Data extracted from a collection:

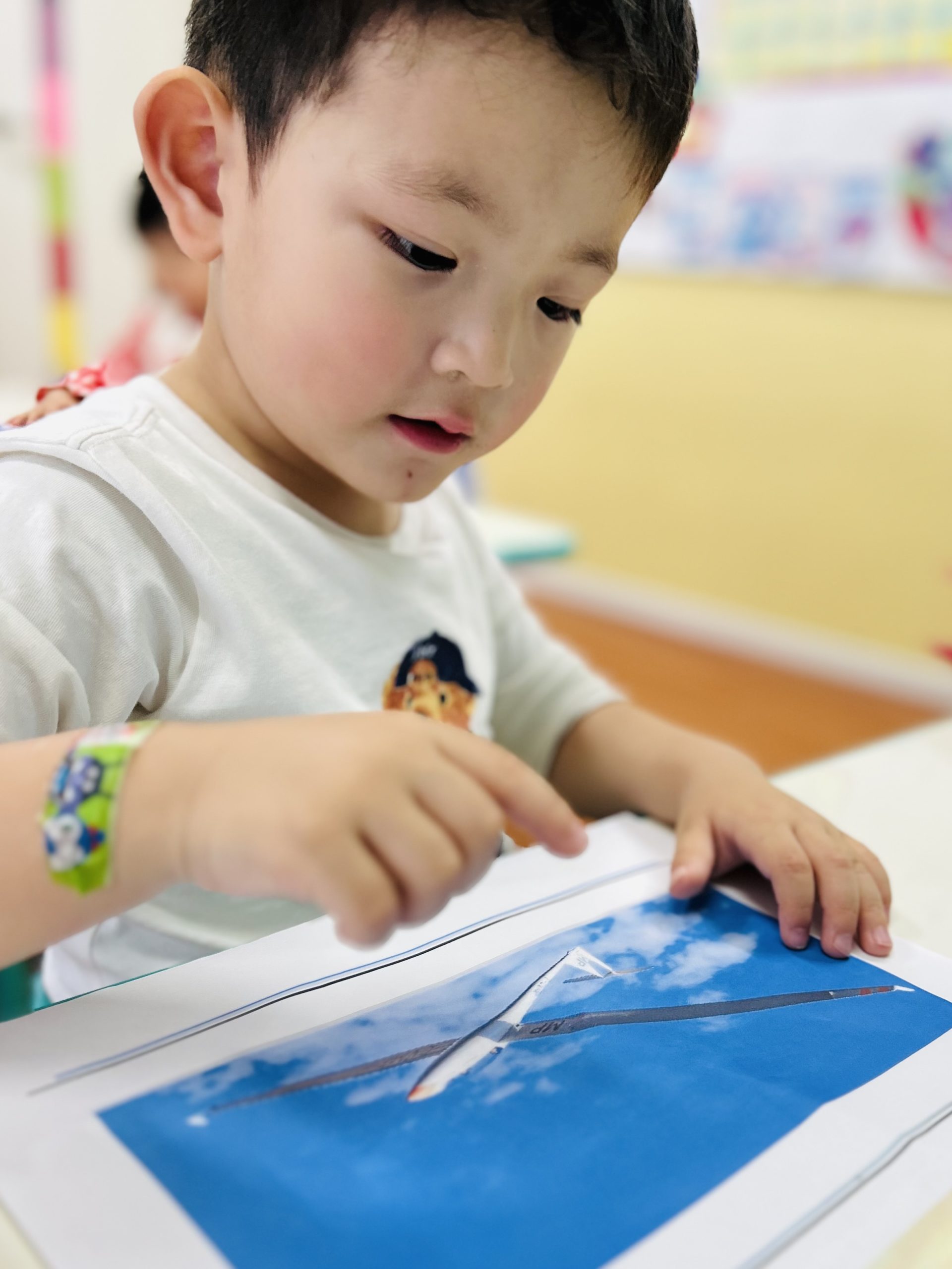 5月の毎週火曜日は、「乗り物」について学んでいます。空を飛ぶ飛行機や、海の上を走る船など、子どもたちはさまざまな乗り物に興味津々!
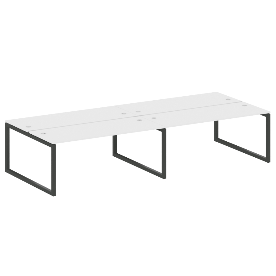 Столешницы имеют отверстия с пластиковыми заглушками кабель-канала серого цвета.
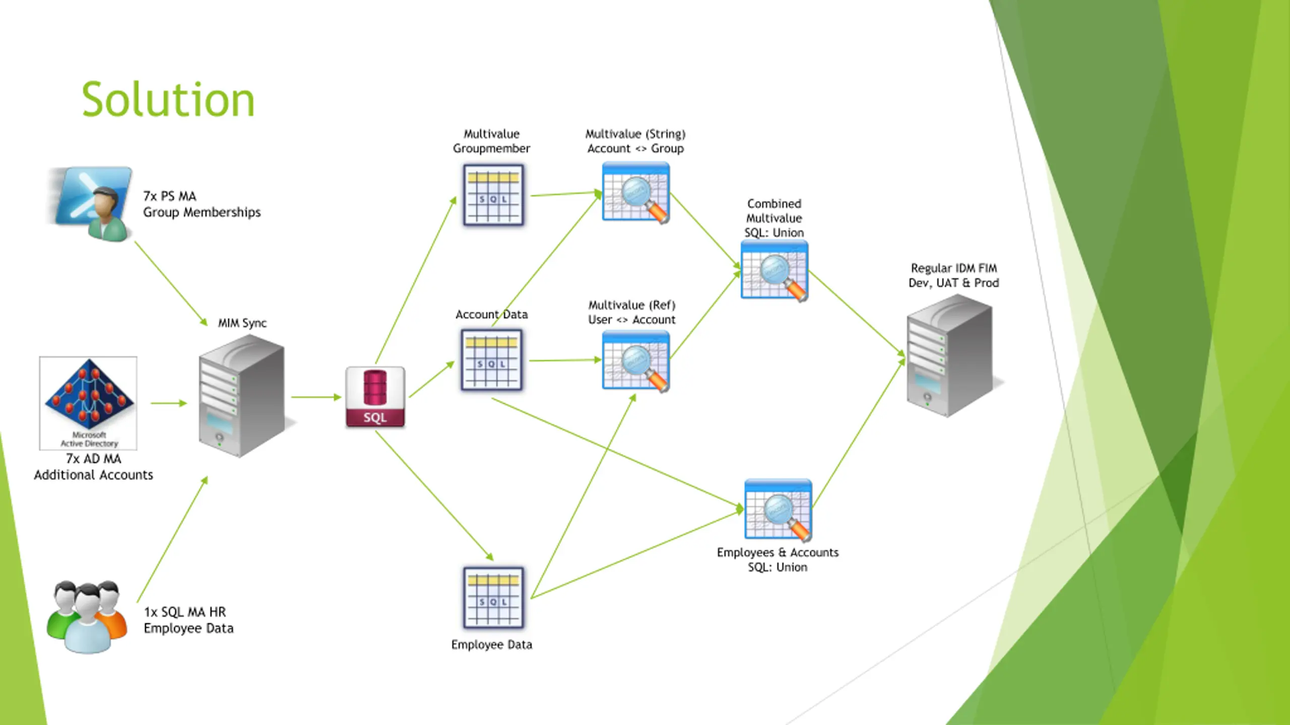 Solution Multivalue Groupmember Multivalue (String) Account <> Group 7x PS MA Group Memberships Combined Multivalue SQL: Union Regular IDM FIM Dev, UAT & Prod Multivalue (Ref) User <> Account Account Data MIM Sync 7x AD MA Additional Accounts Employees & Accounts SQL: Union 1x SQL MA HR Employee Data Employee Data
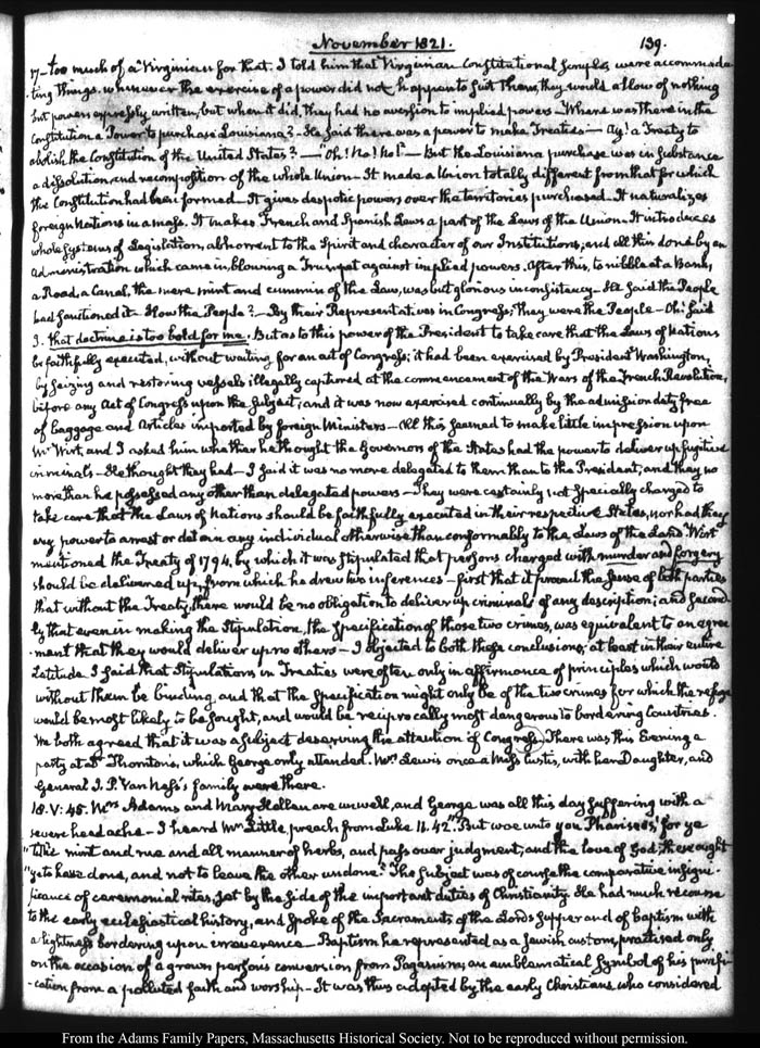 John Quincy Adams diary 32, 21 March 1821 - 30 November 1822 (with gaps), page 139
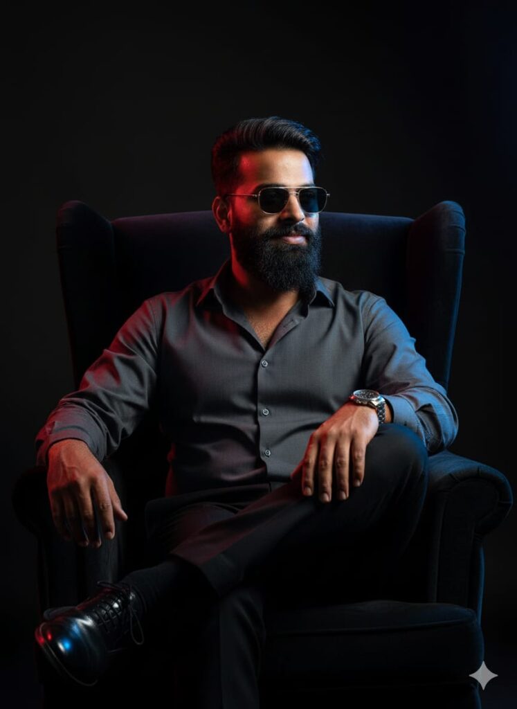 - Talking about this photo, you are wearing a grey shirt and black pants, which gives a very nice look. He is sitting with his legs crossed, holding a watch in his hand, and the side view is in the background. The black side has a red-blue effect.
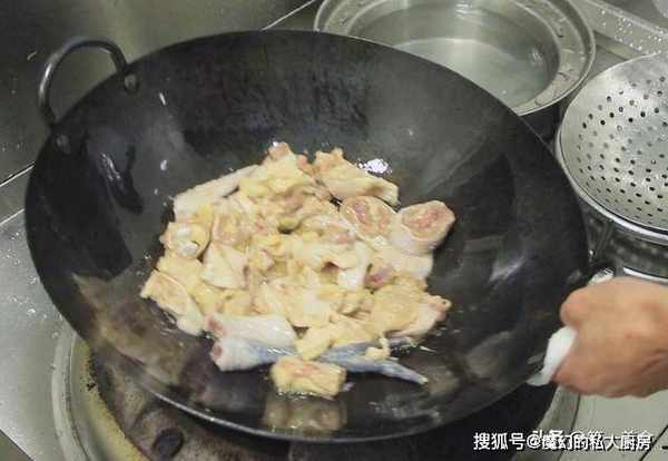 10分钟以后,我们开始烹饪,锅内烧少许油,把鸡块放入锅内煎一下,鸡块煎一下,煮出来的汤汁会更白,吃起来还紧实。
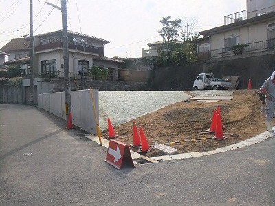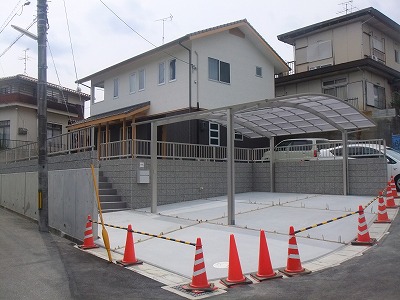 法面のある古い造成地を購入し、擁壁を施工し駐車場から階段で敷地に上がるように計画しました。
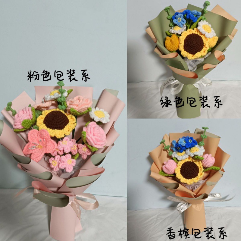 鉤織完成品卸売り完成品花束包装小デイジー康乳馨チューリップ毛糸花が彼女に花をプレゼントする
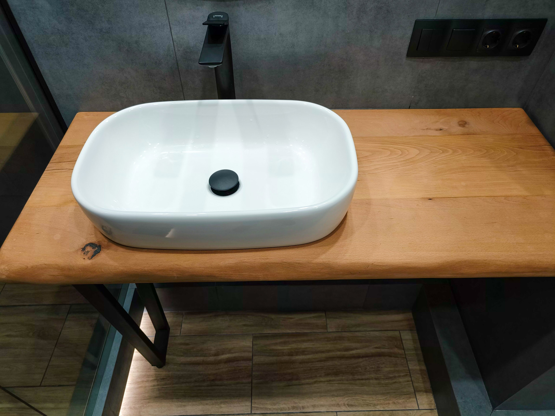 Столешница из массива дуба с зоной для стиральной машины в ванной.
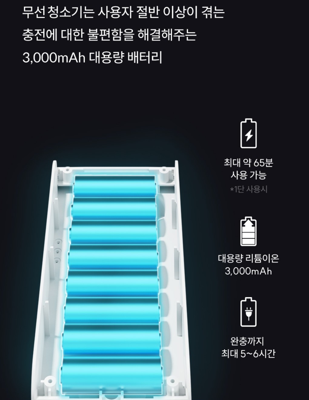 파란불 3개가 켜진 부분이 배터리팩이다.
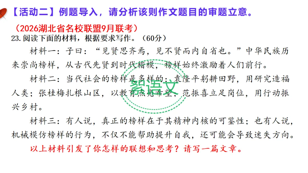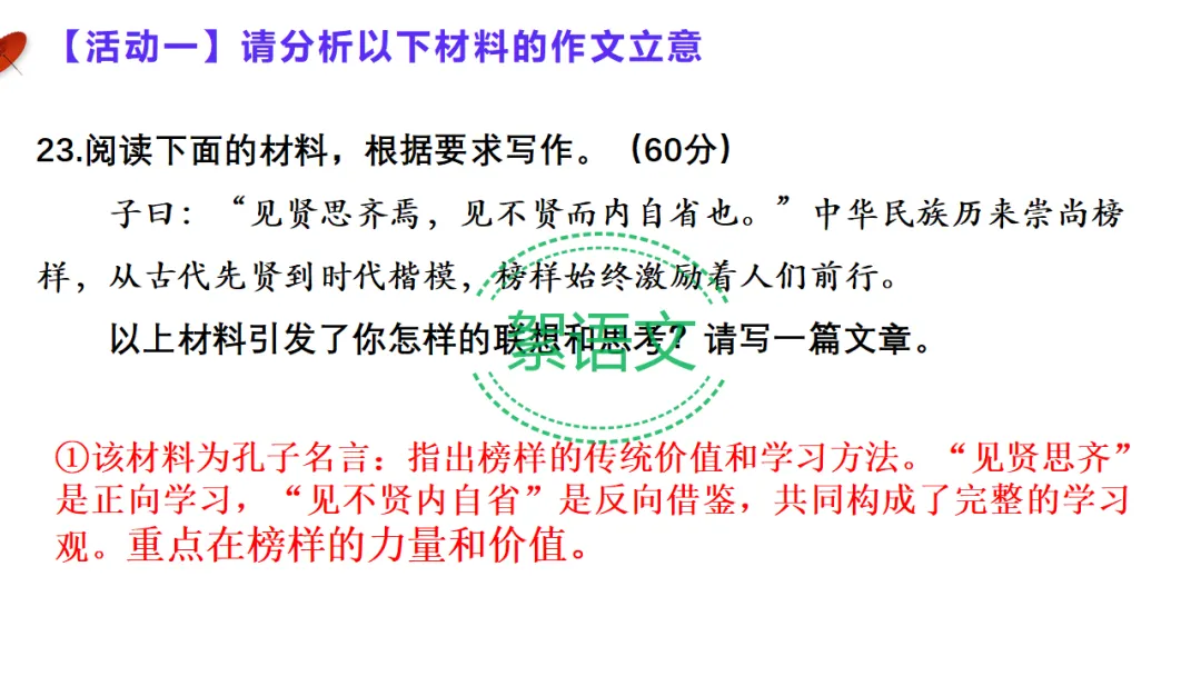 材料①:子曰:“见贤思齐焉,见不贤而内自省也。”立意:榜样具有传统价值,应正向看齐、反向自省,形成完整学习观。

Work instruction: From the line holding "파란불 3개가 켜진 부분이 배터리팩이다." to the final line of the data above, give each line again exactly, both ends included, and drop the pictures.

Your response:
 파란불 3개가 켜진 부분이 배터리팩이다.
 材料①:子曰:“见贤思齐焉,见不贤而内自省也。”立意:榜样具有传统价值,应正向看齐、反向自省,形成完整学习观。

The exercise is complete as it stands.